Our system have 15.5 GB memory. We can't use all 15.5 GB to run simuPOP, because we have to leave some space of memory for operation system. If we don't leave the memory for the operation system or allocated memory more the 15.5 GB, the operation system will map the memory to disk (virtual memory) causing the simuPOP run extremely slow.

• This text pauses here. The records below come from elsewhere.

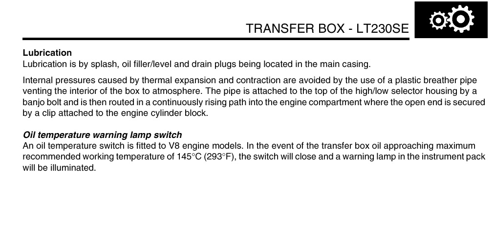 zřejmě to tak bude , když to píšou v manuálu , Možná že je to taky jeden z důvodů proč v Austrálii nebo v Afganistanu , a i jinde u arabáků , kde je často i 40°C jezdí Toyoty a Def. tam skoro nikdo nechce. A při těch teplotách by ta převodovka na Def, měla tak 190°C ./ Na převodovce i diferenciálu u mé Toy. HZJ 70 po cca 200km , Praha-Brno udržím ruku aniž bych se popálil./ Ale už dám pokoj a studený
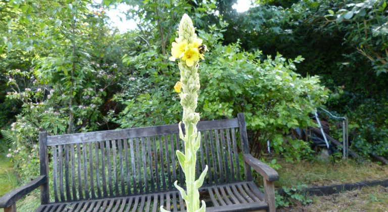 Zo wordt er geleidelijk een hele kaars met knoppen gevormd die in een los patroon openen en lichtgele bloemen geven. Nu is het wel mogelijk om deze toorts-plant een naam te geven. Een hommel vindt dat niet nodig om er honing en stuifmeel te gaan halen. Alle bloemen worden nagekeken en zo bevrucht. Uitgebloeide bloemen verdorren al snel. Tot dan toe is de bloei toch wel geleidelijk van onder naar boven gegaan. Dan is er nog een laatste aanvulling mogelijk in het onderste deel om nog korte zijtakken met bloemen te vormen. Daarna zal de plant verdrogen. Nog sneller dankzij de warme en zeer droge zomer, Omvallen en al de droge zaden uitstrooien voor zover ze al niet door de wind eruit geschud zijn.
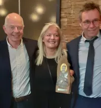Prismodtageren Steffen Knold (th) sammen med ikon-kunstneren Birgitte Hansen og Dyrenes Venners (DOSO’s) formand Peter Mollerup (tv).
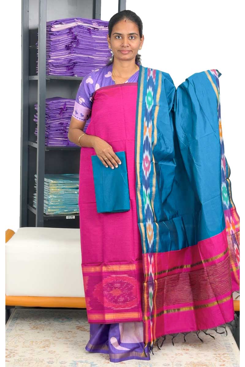 Pochampally Silk Salwar Material (Top, Bottom & Dupatta) - Hot Pink + Happy Blue
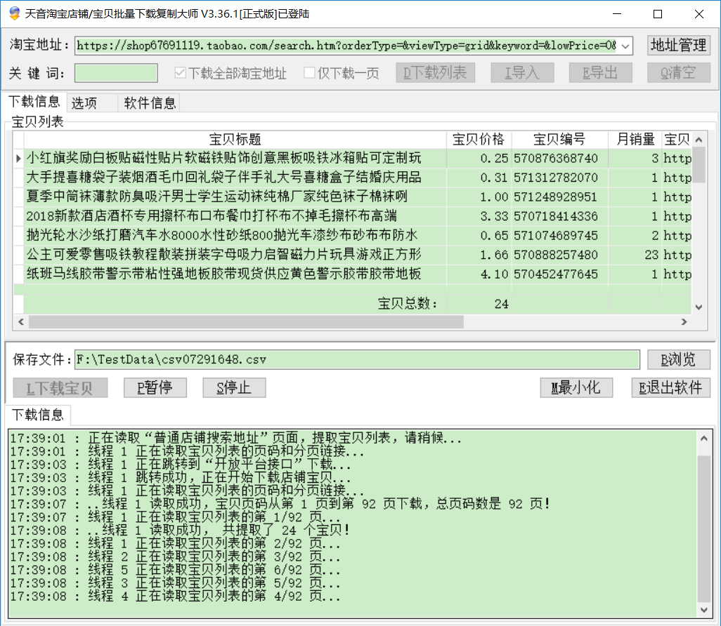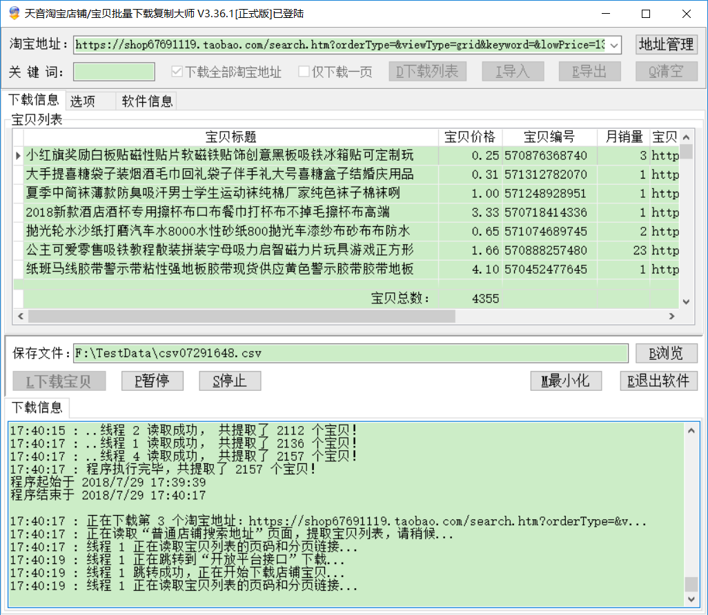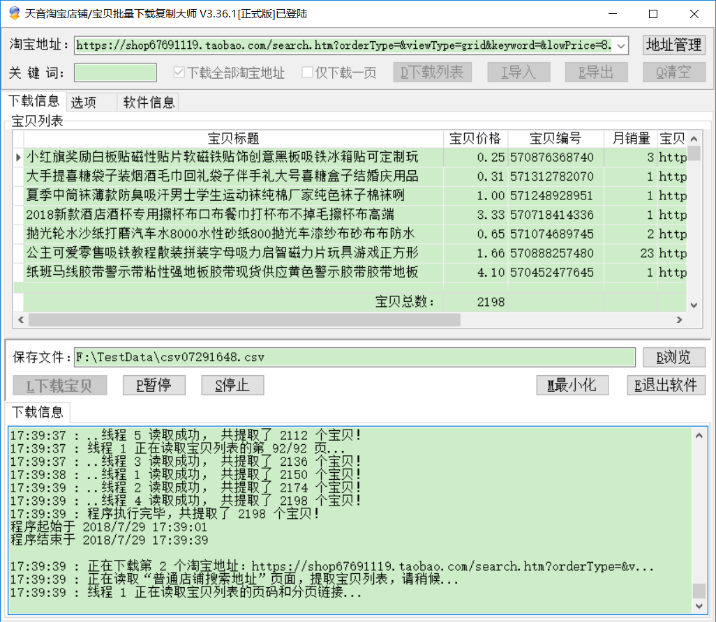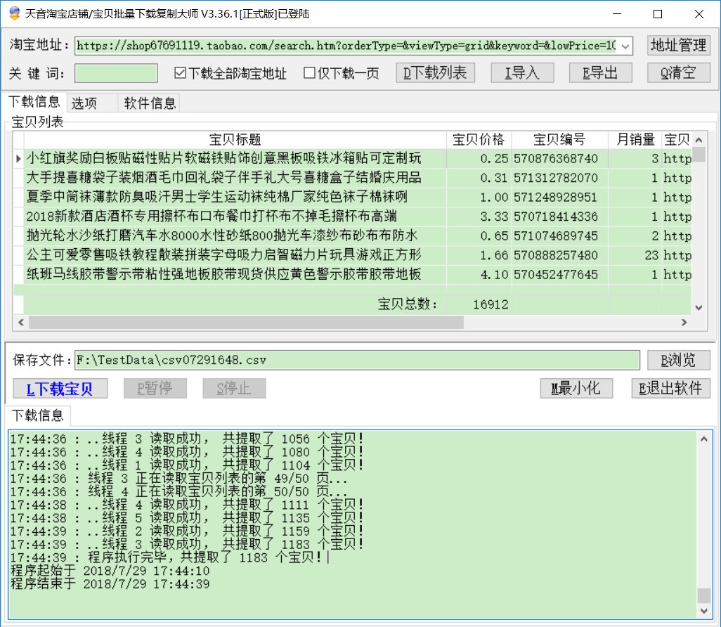 从17:39开始下载,到17:44:39结束,5分钟的时间即可下载1.6万的数据,全部的宝贝都没有重复
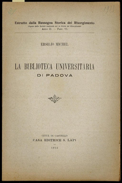 Opuscolo vintage. Estratto dalla Rassegna Storica del Risorgimento Organo della Società nazionale per la Storia del Risorgimento ANNO II. — FASC. VI. Ordinario segno del tempo.
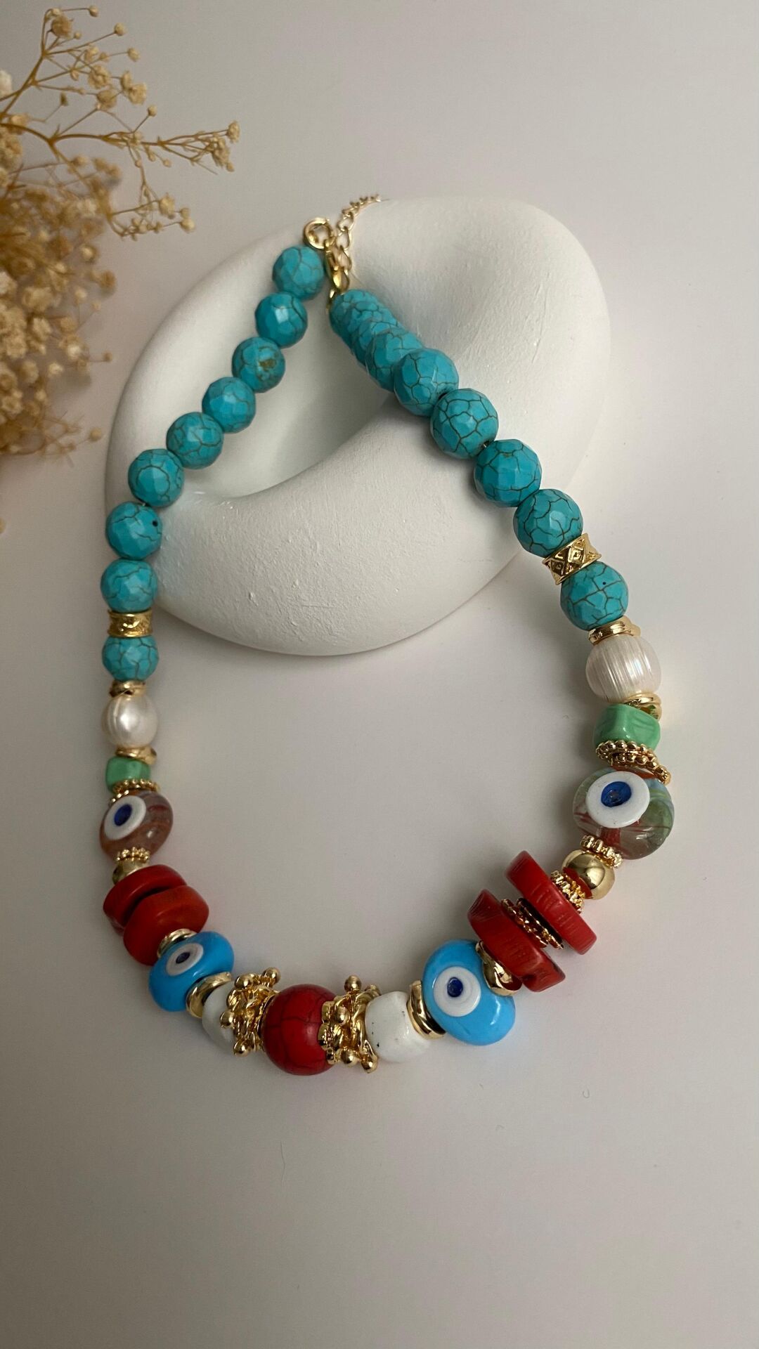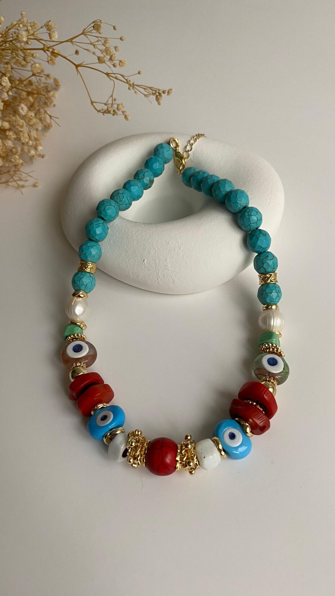 Turkuaz,mercan sedef nazar boncuklu kolye

In the experiment we show the maximum population in the memory size 4, 8, 12, and 14 GB respectively as follows:

loci = 100, ploidy= 2, gens=10
AlleleType short long binary
Memory Size CPU Core Max Population time (sec) Max Population time (sec) Max Population time (sec)
4GB 1 9,418,787 72.48 2,593,579 23.45 35,204,649 266.22
2 41.78 13.70 152.5
4 25.76 9.16 92.31
8GB 1 18,837,575 142.84 5,187,158 46.42 70,409,299 528.92
2 83.32 27.88 305.95
4 52.30 18.48 183.88
12GB 1 28,256,363 227.30 7,780,737 70.57 105,613,949 796.33
2 126.29 41.86 463.29
4 78.25 27.67 282.09
14GB 1 32,965,757 306.67 9,077,527 90.47 123,216,274 959.62
2 154.10 52.11 530.84
4 94.29 33.46 327.85
loci = 1000, ploidy= 2, gens=10
AlleleType short long binary
Memory Size CPU Core Max Population time (sec) Max Population time (sec) Max Population time (sec)
4GB 1 1,058,916 12.58 267,499 7.00 7,508,684 61.48
2 8.26 5.71 35.36
4 6.68 5.29 22.18
8GB 1 2,117,833 25.72 534,998 13.95 15,017,368 126.74
2 16.57 11.33 71.69
4 13.28 10.61 44.5
12GB 1 3,176,750 38.77 802,497 20.83 22,526,052 185.14
2 24.22 16.89 107.90
4 19.91 15.88 67.08
14GB 1 3,706,209 45.02 936,247 22.83 26,280,394 218.45
2 27.99 18.70 124.66
4 22.98 18.44 77.40

In addition, we demonstrate the experiment with the maximum loci size in the memory size 4, 8, 12, and 14 GB respectively as follows:

Population size = 1000, ploidy= 2, gens=10
AlleleType short long binary
Memory Size CPU Core Max Loci time (sec) Max Loci time (sec) Max Loci time (sec)
4GB 1 1,073,727 6.11 268,431 5.72 8,589,790 5.96
2 4.97 4.90 4.94
4 4.63 4.57 4.60
8GB 1 2,147,469 12.11 536,867 11.45 17,179,725 12
2 10.01 9.68 9.91
4 9.24 9.1 9.2
12GB 1 3,221,211 17.25 805,302 16.35 25,769,659 17.09
2 14.92 14.13 14.75
4 14.01 14.03 13.84
14GB 1 3,758,082 18.12 939,520 17.69 30,064,627 21.10
2 16.10 15.48 21.35
4 15.79 15.63 19.36
Population size = 100000, ploidy= 2, gens=10
AlleleType short long binary
Memory Size CPU Core Max Loci time (sec) Max Loci time (sec) Max Loci time (sec)
4GB 1 10,723 6.35 2,680 5.92 85,755 6.52
2 5.42 5.14 5.44
4 5.01 4.89 4.97
8GB 1 21,460 12.10 5,365 12.04 171,654 12.32
2 10.32 10.14 10.2
4 9.62 9.58 9.62
12GB 1 32,198 17.59 8,049 17.92 257,554 18.43
2 15.38 15.07 15.52
4 14.61 14.27 14.35
14GB 1 37,566 18.84 9,391 18.76 300,503 19.39
2 16.58 16.57 17.01
4 16.41 16.28 16.35

Finally, we show the worst scenario when we run the experiment in 15GB memory, which almost equals to the memory size of our system as follows:

AlleleType=short, loci = 1000, ploidy= 2, gens=5
Memory Size CPU Core Max Population time (sec)
15GB 4 3,970,938 31,581.11 (8.7 hours)

We can see the execution time of simuPOP is very slow because we use too much memory, and operation system don't have enough space to run its system.